Have you tried Caboose Hobbies in Denver? 1-303-777-6766. They're the world's largest model railroad store!


----------



## bull (Jan 28, 2008)

Thx Steve checked Caboose Hobbies all they had was 250 brass rail. Only 332 was aluminum. Any were else someone can think of? 
Thanks


----------



## aceinspp (Jan 2, 2008)

Well you could always buy the track with ties take the rail off the ties and then sell the ties. Later RJD


----------



## Steve Stockham (Jan 2, 2008)

That may be your best bet!


----------



## bull (Jan 28, 2008)

That sucks you would think somebody sold it. Think aluminum would be satisfactory for track power?
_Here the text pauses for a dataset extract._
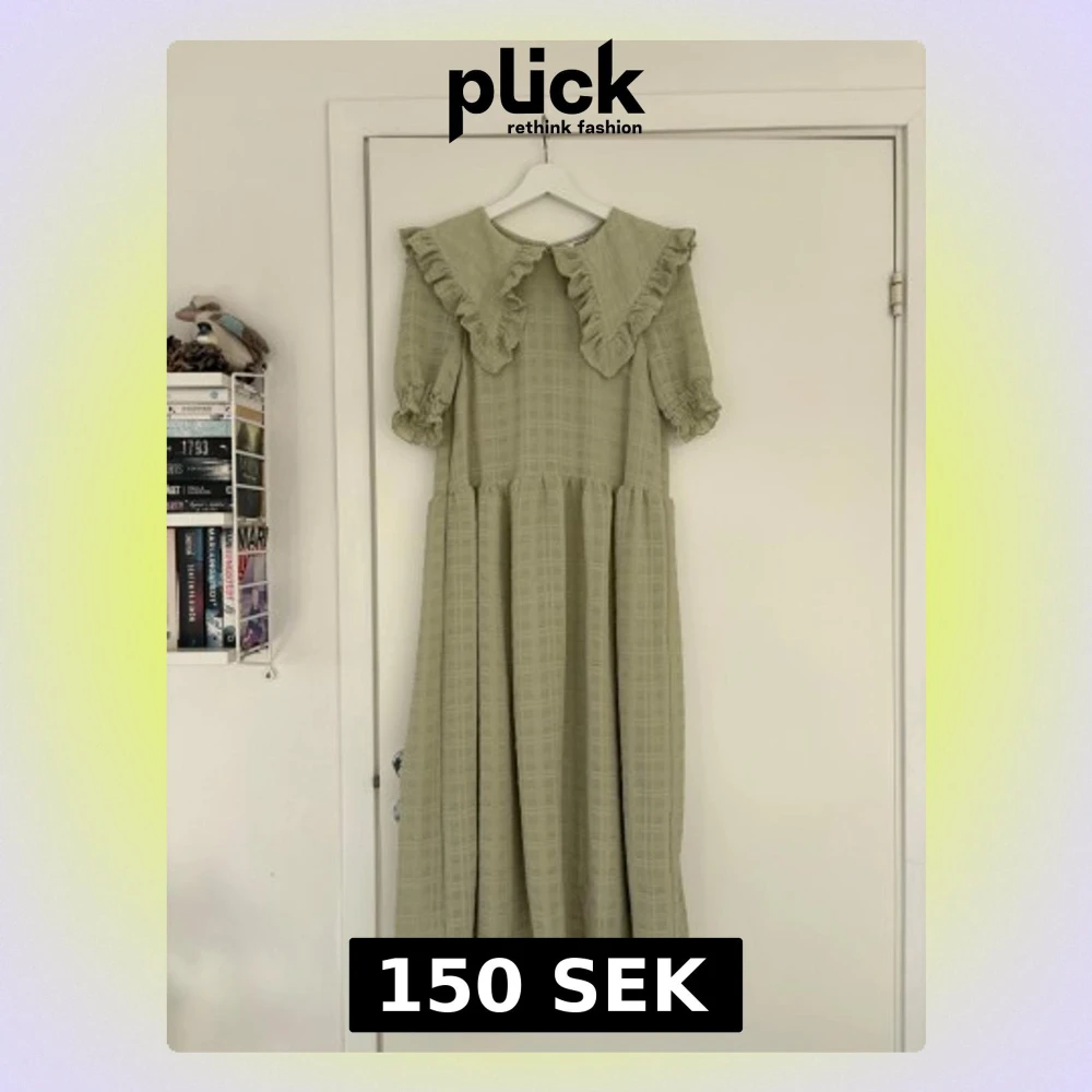 Långklänning från Monki i ljusgrönt med rutigt strukturmönster. Klänningen har stor volangkrage, halvlånga puffärmar med resår och avslappnad passform. Perfekt för dig som gillar romantisk och trendig stil.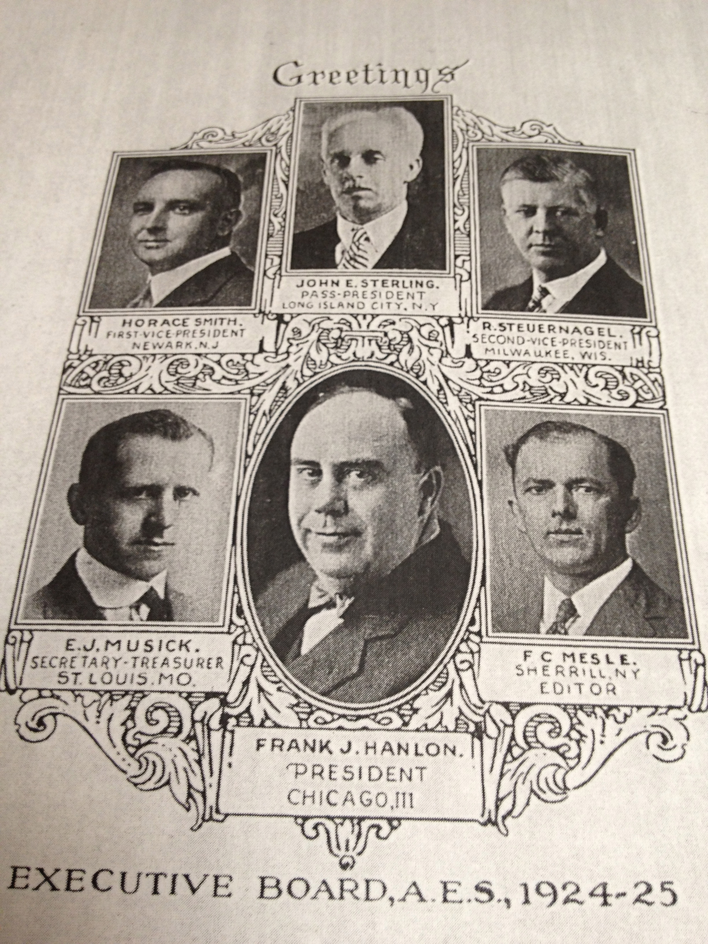 Frank was a pioneer in electroplating processes that revolutionized the production (and quality) of silver-plating. Ultimately, he rose to the position of Superintendent of the Plating Department. He directed silver plating of artillery shells in World War I and the silver plating of aircraft bearings in World War II. He served as Editor of The Monthly Review and in 1926 became President of the American Electroplaters’ Society. He received the Society’s Founder’s Gold Medal in 1929, 1938, 1940 and 1943. He received the key to the city of Toronto, Canada, during an international conference of electroplaters.

Witha lot of jumper wires.


----------



## therbert (Sep 18, 2008)

California and Oregon Coast Railway has it. 

http://www.cocry.com


----------



## Silvergate (Dec 11, 2008)

PIKO-G does have both a 1 meter and 3 meter rail that any of our standard retailers can order for you. The item numbers are 1035250 for the 3 meter (approx 10') and 1035251 for the 1 meter (approx 3'). Note: some retailers may be hesitant about the shipping costs on the 3 meter rail, it's long and difficult for UPS/FedEx to handle. We have little trouble with the 1 meter lengths. Thanks! 

James Tapper 
Silvergate Distributors


----------



## bull (Jan 28, 2008)

Thanks, Say them on COCRY last night must have missed them last time I looked. I will look into the Piko. 
Thanks Again Jason


----------



## Larry T (Jan 2, 2008)

*Bull, I have 6-7 tubes of 332 brass rail that I am going to sell. Each tube contains twelve 8 foot pieces of rail. PM me with offer if you are interested in one or all...LT*


----------



## bull (Jan 28, 2008)

PM sent


----------